* INSTRUCTIONS FOR THE TASK
Retype every line from the one containing "школи чи подорожі." through the last line of the records below, both included; leave out the pictures.

* GIVEN ENTRIES
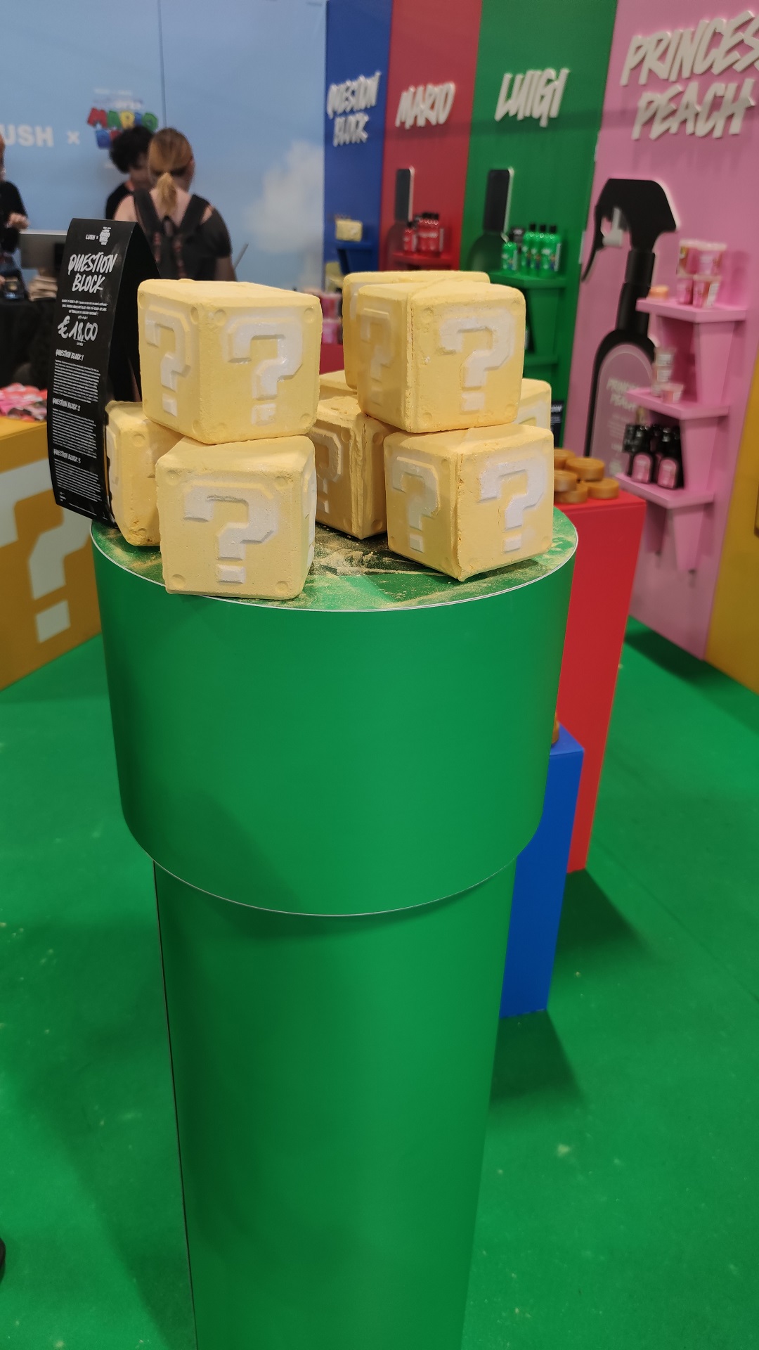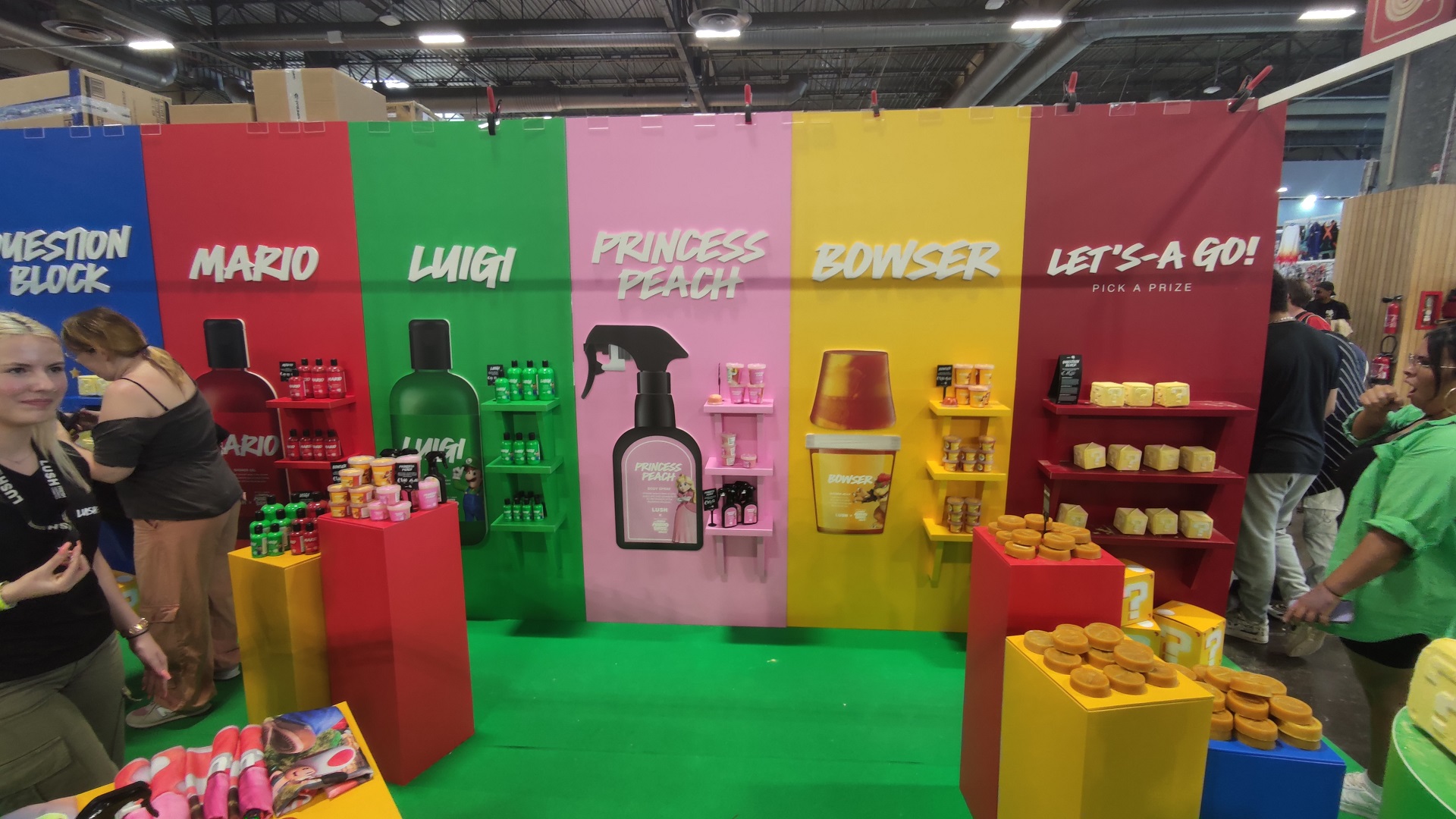 À deux pas de la zone Nintendo, le stand de LUSH qui proposait des produits cosmétiques en partenariat avec le film Super Mario Bros. Savons, gels douche, ou des bombes de bain en forme de blocs [?].
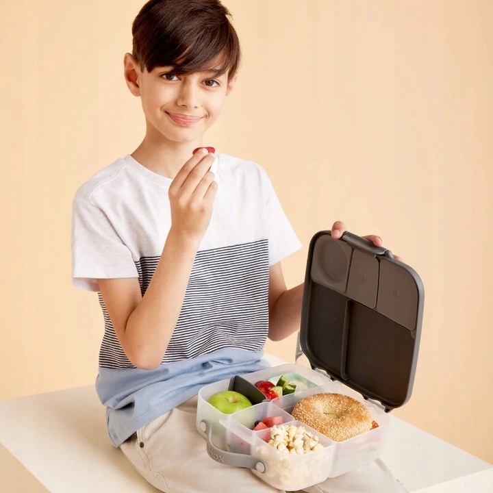 ⏩У сірій палітрі представлений практичний ланчбокс зі зручною ручкою . Усередині є як менші, так і більші відділення, які дозволять вам упакувати улюблені страви та закуски дитини для школи чи подорожі.
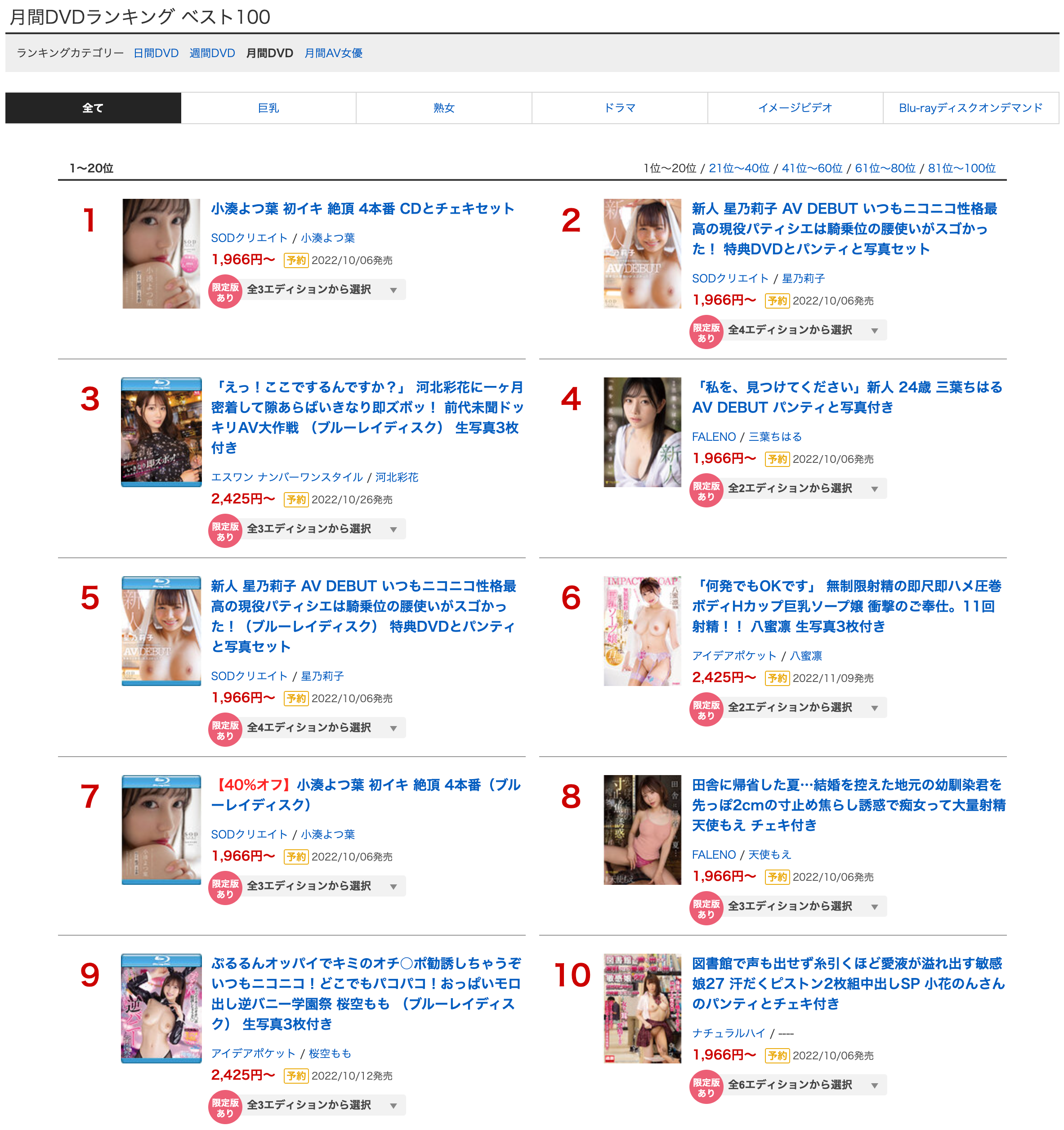 一块儿来看FANZA之前公布的9月销售排行榜,由于串流部分实在太多优惠,所以我们还是来关注实体片的通贩排行榜ー看到这儿可能会有人说了,这不是都「河北彩花」的天下吗?有什么好看的?
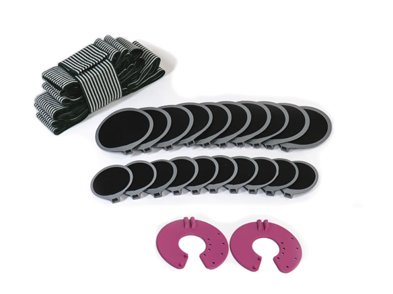 В комплект миостимулятора входят 20 электродов для тела многоразового действия, по 2 электрода для шеи и груди, бинты для крепления.
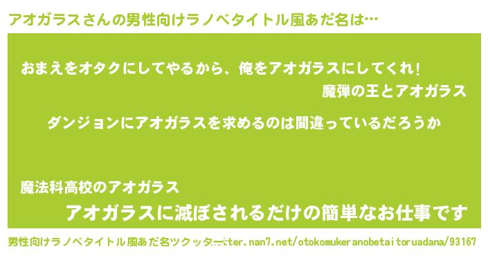 | 胡散臭い通販商品みたいなあだ名 | 『信頼と実績のネックレス…その名も「アオガラス」』 |
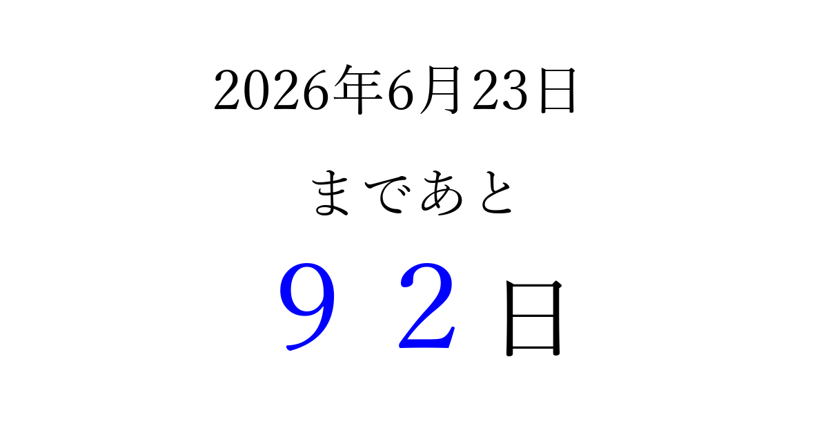 2026年6月23日(火)まで あと 99 日です 追加すると、トップページからすぐ選べるようになります ※2026/03/23現在の結果です。 最新の状態に更新する ↓シェアして、タイムライン上にカウントダウンを表示しよう!↓ 📤 この結果を共有する Tweet シェア Threads Bluesky 別の日付でカウントダウン 2026年6月のカレンダー このページをブックマークに追加すると、いつでもカウントダウンを確認できます。 (PC: Ctrl+D / Mac: ⌘+D) hitome-notes.comでは以下のページも運営しています。 指定日と期間から日付を計算 | ガチャ確率計算・シミュレーション | プライバシー・ポリシー 運営者:Avocado

* ANSWER FOR THE TASK
 ⏩У сірій палітрі представлений практичний ланчбокс зі зручною ручкою . Усередині є як менші, так і більші відділення, які дозволять вам упакувати улюблені страви та закуски дитини для школи чи подорожі.
 一块儿来看FANZA之前公布的9月销售排行榜,由于串流部分实在太多优惠,所以我们还是来关注实体片的通贩排行榜ー看到这儿可能会有人说了,这不是都「河北彩花」的天下吗?有什么好看的?
 В комплект миостимулятора входят 20 электродов для тела многоразового действия, по 2 электрода для шеи и груди, бинты для крепления.
 | 胡散臭い通販商品みたいなあだ名 | 『信頼と実績のネックレス…その名も「アオガラス」』 |
 2026年6月23日(火)まで あと 99 日です 追加すると、トップページからすぐ選べるようになります ※2026/03/23現在の結果です。 最新の状態に更新する ↓シェアして、タイムライン上にカウントダウンを表示しよう!↓ 📤 この結果を共有する Tweet シェア Threads Bluesky 別の日付でカウントダウン 2026年6月のカレンダー このページをブックマークに追加すると、いつでもカウントダウンを確認できます。 (PC: Ctrl+D / Mac: ⌘+D) hitome-notes.comでは以下のページも運営しています。 指定日と期間から日付を計算 | ガチャ確率計算・シミュレーション | プライバシー・ポリシー 運営者:Avocado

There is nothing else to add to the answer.